Should I do elements such as planches, front levers to enhance muscle
growth?
The answer is the same as for previous question. For optimal muscle
growth, I believe, you have to achieve burning feeling in your muscles.
With very hard loads it is impossible to do so. You will put more stress on
CNS and ligaments then on your muscles.
Are high reps routines effective for drug-free athletes?
Of course! Everything I am talking about here in this book is for drug free
athletes who are looking for healthy and muscular/low-fat percentage body.
Earlier like most of the guys I believed, that if you do not use steroids and
want to get big, you have to lift big. But practice has shown that I was
wrong and I paid for that mistake by my health.
CHAPTER 3. WORKOUT ROUTINE
How many sets should you do per exercise?
I recommend you to do 5-10 sets in a row per 1 exercise. 5 sets in a row are
for beginners and 10 sets - for advanced athletes.
Everybody used to do 2-3 sets and I recommend 5-10, why?
You need to do 5-10 sets in a row with the same reps in each set in order to
grow mitochondria[3] in your muscles. These energy cells play a huge role in
overall health but they also defend our muscles from excessive acidification
caused by H+, therefore slowing down catabolism. We need hydrogen ions
only to allow hormones penetrate into our muscle cell. On this their useful
function ends and only harm begins - the destruction of myofibrils[4] and
mitochondria. This is one of the main reasons you may catch overtraining.
Performing sets in the manner I described above helps to reduce negative
effect of H+ and increase positive – constant anabolic state.
How to adjust the load for all the sets?
For optimum acidification you should do the same reps for all the sets of the
chosen exercise and only in the last set you are allowed to do more reps.
E.g.
TRUE: Pull-ups 10 10 10 10 13
FALSE: Pull-ups 10 9 8 7 6
What should I do, if my sets look smth like this: 10 8 7 6 5?
Just take the average (10+8+7+6+5)/5=7,2
So at the next workout, perform 7 reps in 4 sets and in the last set do 7 or
more reps (as you wish).
What do I call the “INTENSITY” in my training method?
The intensity in any “pumping” workouts is usually measured by the
burning feeling in your muscle and/or the visual appearance in the mirror.
But such indicators are very subjective. The objective indicator of the
training intensity is your working pulse after the last set.
Optimal pulse (INTENSITY) after the 5th or 10th set when you feel optimum
burning in your muscle should be:
“170 minus age +-15”
E.g. if you are 20 y.o. then your pulse after the last set of the exercise should
be:

INTENSITY ZONES
MINIMUM OPTIMUM MAXIMUM
135 BPM 150 BPM 165 BPM
I recommend you to check the pulse over the carotid artery on the neck or
on the inside of your wrist for 10 seconds and then multiplied by 6.

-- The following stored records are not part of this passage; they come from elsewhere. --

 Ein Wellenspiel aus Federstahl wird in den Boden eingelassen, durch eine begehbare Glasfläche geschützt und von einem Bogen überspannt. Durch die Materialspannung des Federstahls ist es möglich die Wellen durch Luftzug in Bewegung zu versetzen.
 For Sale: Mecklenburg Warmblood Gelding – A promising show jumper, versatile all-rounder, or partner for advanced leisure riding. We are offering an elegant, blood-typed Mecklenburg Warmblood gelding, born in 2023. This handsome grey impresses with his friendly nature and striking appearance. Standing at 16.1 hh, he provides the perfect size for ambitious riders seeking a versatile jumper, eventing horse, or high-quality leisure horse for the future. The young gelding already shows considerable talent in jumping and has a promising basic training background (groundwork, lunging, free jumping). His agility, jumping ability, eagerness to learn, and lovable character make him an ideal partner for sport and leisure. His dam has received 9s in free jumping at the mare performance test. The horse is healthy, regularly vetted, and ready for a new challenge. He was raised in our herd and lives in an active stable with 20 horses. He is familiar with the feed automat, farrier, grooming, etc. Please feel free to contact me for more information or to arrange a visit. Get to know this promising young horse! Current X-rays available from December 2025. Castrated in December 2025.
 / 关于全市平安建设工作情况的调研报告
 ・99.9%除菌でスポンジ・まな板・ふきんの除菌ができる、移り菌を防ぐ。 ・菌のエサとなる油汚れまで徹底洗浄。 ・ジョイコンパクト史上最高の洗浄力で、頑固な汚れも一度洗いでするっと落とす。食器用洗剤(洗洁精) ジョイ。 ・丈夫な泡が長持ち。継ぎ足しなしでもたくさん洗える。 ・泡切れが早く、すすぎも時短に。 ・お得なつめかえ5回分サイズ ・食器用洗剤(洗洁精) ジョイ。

Should I do the last 5th or 10th set to failure?
You should stop the set when you feel burning in your muscles, not failure.

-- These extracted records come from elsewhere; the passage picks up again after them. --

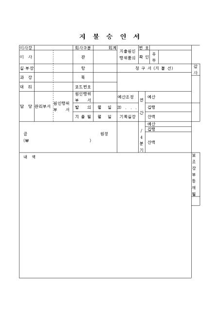 지불에 대한 승인서 양식으로 금액을 포함 각 항목과 내역을 상세히 기록합니다.
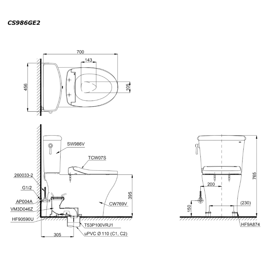 Bản vẽ kích thước bồn cầu CS986 nắp rửa cơ TCW07S TOTO
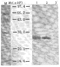 2.2 融合蛋白的表达 重组人IFN-α 2b分子由166个氨基酸残基组成,相对分子质量(Mr)为19000;HBV Pre S2分子由55个氨基酸残基组成,加上连接序列编码的4个氨基酸残基,融合基因编码的IFN-PreS2融合蛋白共含225个氨基酸残基,推测其Mr为25000~27000。SDS-PAGE分析表明,pBV-IFN-PreS2转化菌经温度诱导后,在Mr27000处有1条明显的表达带,其Mr的大小与推测的融合蛋白的Mr相一致。表达量占菌体总蛋白的15%。离心后收集的粗制包涵体中,目的蛋白的含量达到总蛋白的70%以上。SDS-PAGE的结果见图3,所用聚 丙烯酰胺凝胶的质量浓度为120g/L。
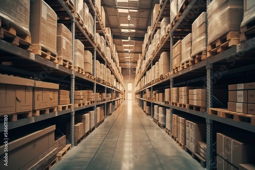 interior of an warehouse full of Spaces and high rising self Where the products are stocked. Generative AI
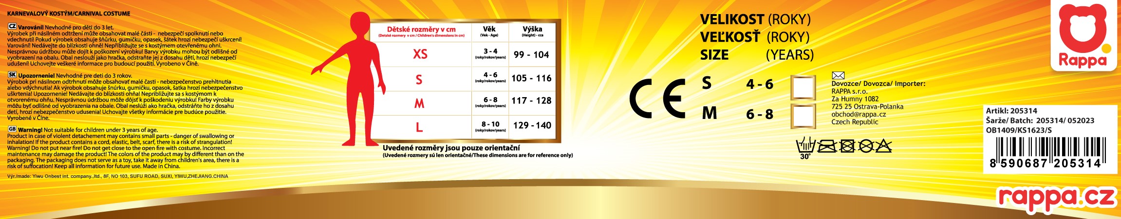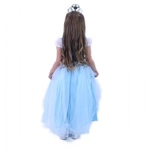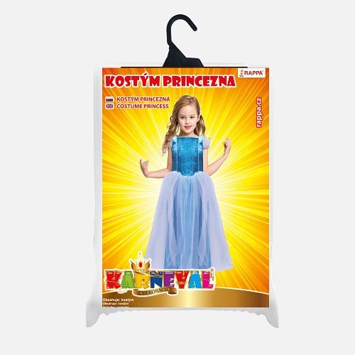 Úchvatný dívčí kostým pro princezny! Kostýmek modré barvy je kombinován s bílým tylem a v horní části dekorován modrými flitry. Kostým princezny ve velikosti S je určen pro holčičky ve věkovém rozmezí 4-6 let (110-116 cm).
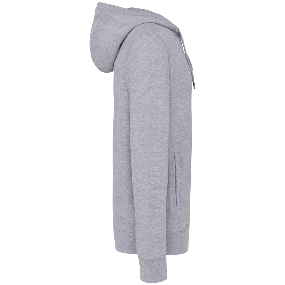 80% biologisch katoen / 20% gerecycleerd polyester post-consumer. Oxford Grey 75% biologisch katoen / 25% gerecycleerd polyester post-consumer. Fleece french terry LST (Low Shrinkage Terry). Stof: enzymgewassen. Rechte snit. 2 omzoomde zakken aan de voorkant. Ribboord aan mouwuiteinden, onderkant en de rand van de gevoerde capuchon, met toon-op-toon aanrijgkoordjes met metalen uiteinde. Halvemaanvormige halsopening op de achterkant, voor eenvoudige personalisatie van het merk aan de binnenkant. Nektape in visgraatmotief aan de binnenzijde van de kraag en V-afwerking aan de halsopening. Geen merklabel in de kraag, maar enkel een maatlabel voor eenvoudige personalisatie.
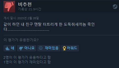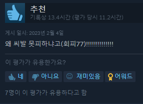 스팀 평가도 매우 긍정적이구요.

Always leave few reps in the tank before reaching total failure. Please
remember:
To burning, not to failure!
What is the optimal rep range for hypertrophy?

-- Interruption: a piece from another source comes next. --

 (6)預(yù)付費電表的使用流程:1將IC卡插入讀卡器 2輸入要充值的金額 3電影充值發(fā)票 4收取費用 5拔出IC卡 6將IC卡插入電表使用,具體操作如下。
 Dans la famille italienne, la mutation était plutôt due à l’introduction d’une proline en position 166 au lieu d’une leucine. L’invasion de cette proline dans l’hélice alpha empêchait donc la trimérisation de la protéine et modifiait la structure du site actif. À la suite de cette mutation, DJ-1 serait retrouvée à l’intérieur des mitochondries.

I recommend you to do sets with TUT (time under tension) 20-90 seconds.
Of course, remember to maintain constant tension in your muscles.
Is warm-up necessary?
First sets are the warm-up sets that prepare your CNS, muscle and heart
ready for hard work. Although, if you feel that it is not enough, you can do
joint-rotations for each of your major joints before starting a workout.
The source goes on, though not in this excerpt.